En proposant une soirée comme celle ci, le club le plus fréquenté par la communauté étudiante rémoise nous plonge dans le stéréotype érotique d’un rapport entre les sexes fixe, immobile, presque à sens unique où la gente féminine n’a qu’à bien se tenir. Derrière cette sexualité soi-disant libérée et ces fantasmes assumés, derrière ce qu’un thème comme celui-ci veut bien proposer comme façon d’envisager et de comprendre le sexe, il y a ces rôles toujours déjà là et des préjugés qui ont la vie longue.
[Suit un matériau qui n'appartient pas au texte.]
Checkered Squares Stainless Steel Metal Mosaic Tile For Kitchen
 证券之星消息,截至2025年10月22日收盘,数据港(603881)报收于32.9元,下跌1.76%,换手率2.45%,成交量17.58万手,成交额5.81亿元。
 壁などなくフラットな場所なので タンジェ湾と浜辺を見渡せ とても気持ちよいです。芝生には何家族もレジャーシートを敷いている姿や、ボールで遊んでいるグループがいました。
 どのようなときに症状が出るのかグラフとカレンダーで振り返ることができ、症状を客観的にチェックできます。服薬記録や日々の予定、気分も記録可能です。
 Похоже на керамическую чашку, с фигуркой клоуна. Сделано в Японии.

Ne vous méprenez pas, mon indignation n’est pas mue par un puritanisme anachronique ou le rejet d’un érotisme délivré. Les intentions du Vogue ne sont certainement pas mauvaises. Pourquoi blâmer l’initiative d’une soirée de plaisir? Le problème vient surtout du cliché que nous infligent les mots employés, les propositions vestimentaires et l’ambiance attendue. Chaque sexe dans son rôle, les genres à leur place et nos folies seront faites en sécurité. Car en se voulant le lieu de relâche du plaisir, le Vogue enferme et terrasse la sexualité dans une prison de dentelle où les femmes sont des objets de désir et les hommes des machines à plaisir. Où est la libération là-dedans? La singularité du rapport à la sexualité et à la séduction? L’opportunité de réinventer des formes particulières, de liens amoureux et/ou érotiques détachés de ces stéréotypes genrés universalisants ? Sans parler évidemment de la place qu’un tel thème offre à la communauté homosexuelle qui n’aura qu’à aller faire la fête ailleurs.
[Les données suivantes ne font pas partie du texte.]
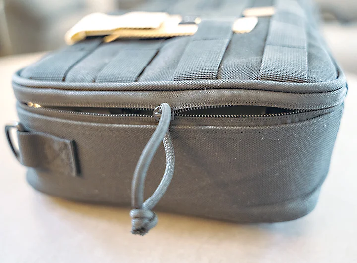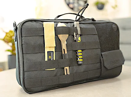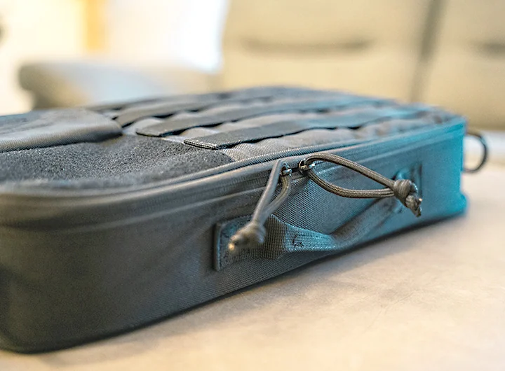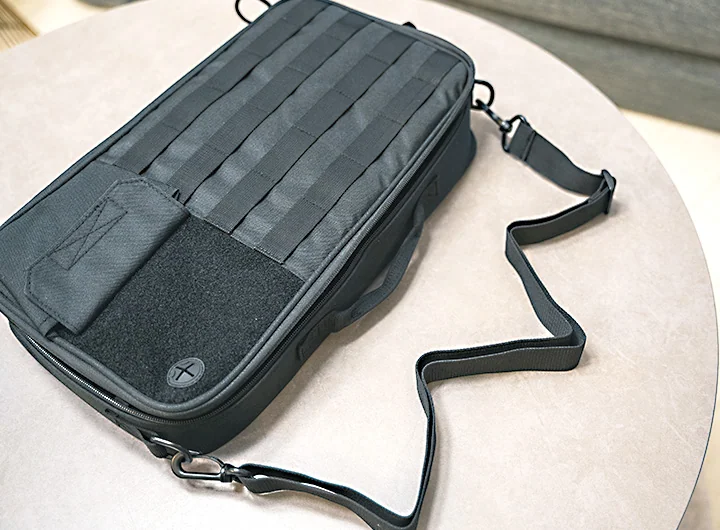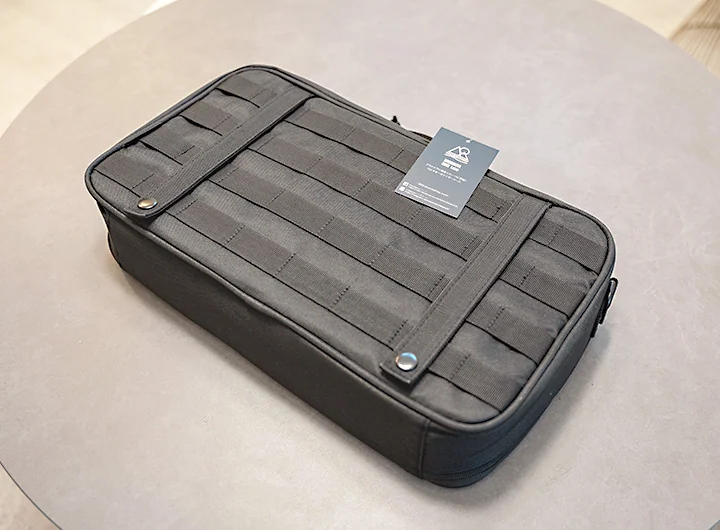 薄型コンパクト設計が特徴のため、収納力はあまり期待しない方が良いです。ただ、コンパクトながらモールシステムやストラップが付いていたり、着脱可能なポーチが付属していたりと、アレンジ次第で汎用性が高い収納ケースになっています。公式では2WAY STANDの拡張パーツであるSTAND PLATEを組み立てたまま収納するできるケースとして紹介されています。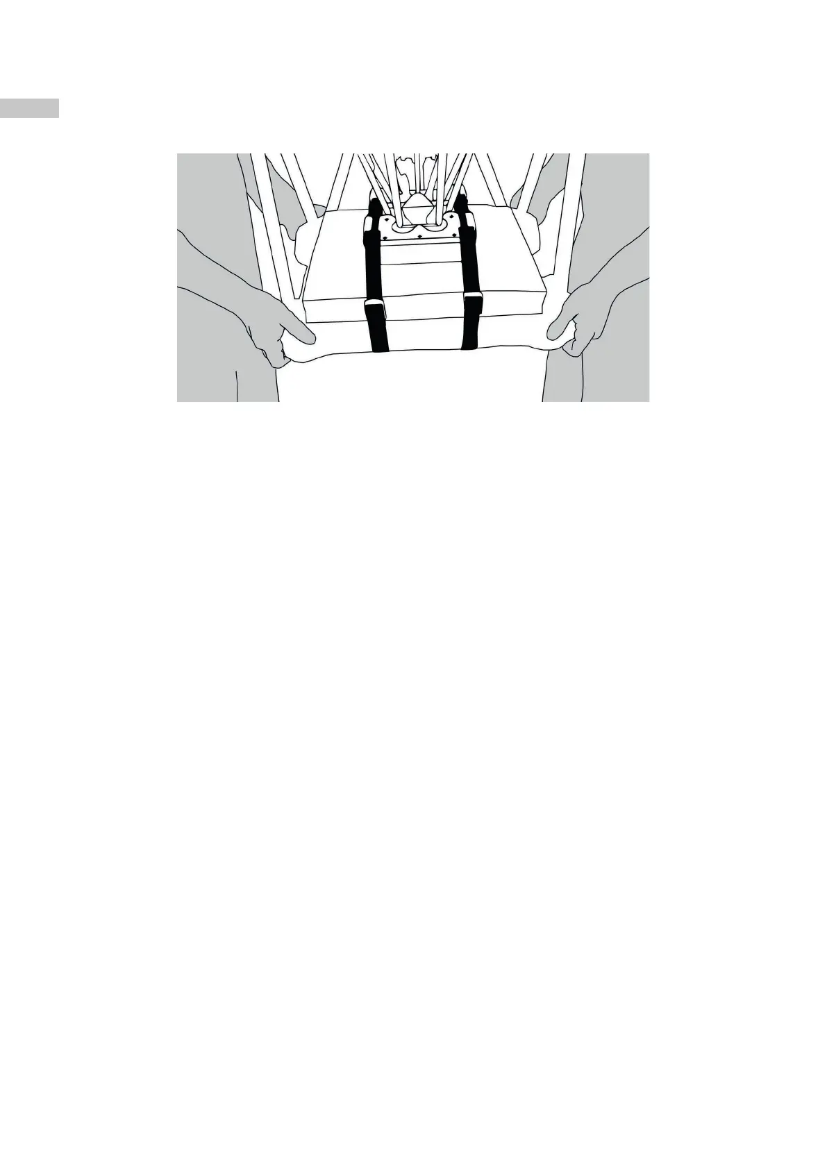 the support legs (4), or the three drive struts (e.g. by holding the orange protectors or any part of the drive

Je vous l’accorde, c’est trop demander à une boîte de nuit comme le Vogue de ne pas perpétuer cette image affligeante de «la» femme, de «l’»homme, «du» couple, «du» plaisir. Mais organiser une soirée, où les femmes se déshabillent pour acheter leur entrée tandis que les hommes payent pour se rincer les yeux c’est pousser au paroxysme une certaine représentation des rapports de sexe et c’est l’établir comme unique, légitime et normative. En particulier lorsque le club en question accueille un aussi large public et propose ce thème pour une soirée de week-end.

Enfin pour éviter que cette soirée pseudo-déjantée ne se transforme en orgie dérangeante, les organisateurs, mesdemoiselles, nous préviennent, «sexy mais pas vulgaire». Pour reprendre les mots indignés d’une amie : soyons belles mais pas trop, sexy mais pas trop, gentilles mais pas trop, en bref existons mais pas trop. Un message dont le Vogue ne nous donne qu’une expression parmi d’autres et dont il faudrait s’inquiéter qu’il soit encore en place dans la société moderne. Mais ça c’est une autre histoire.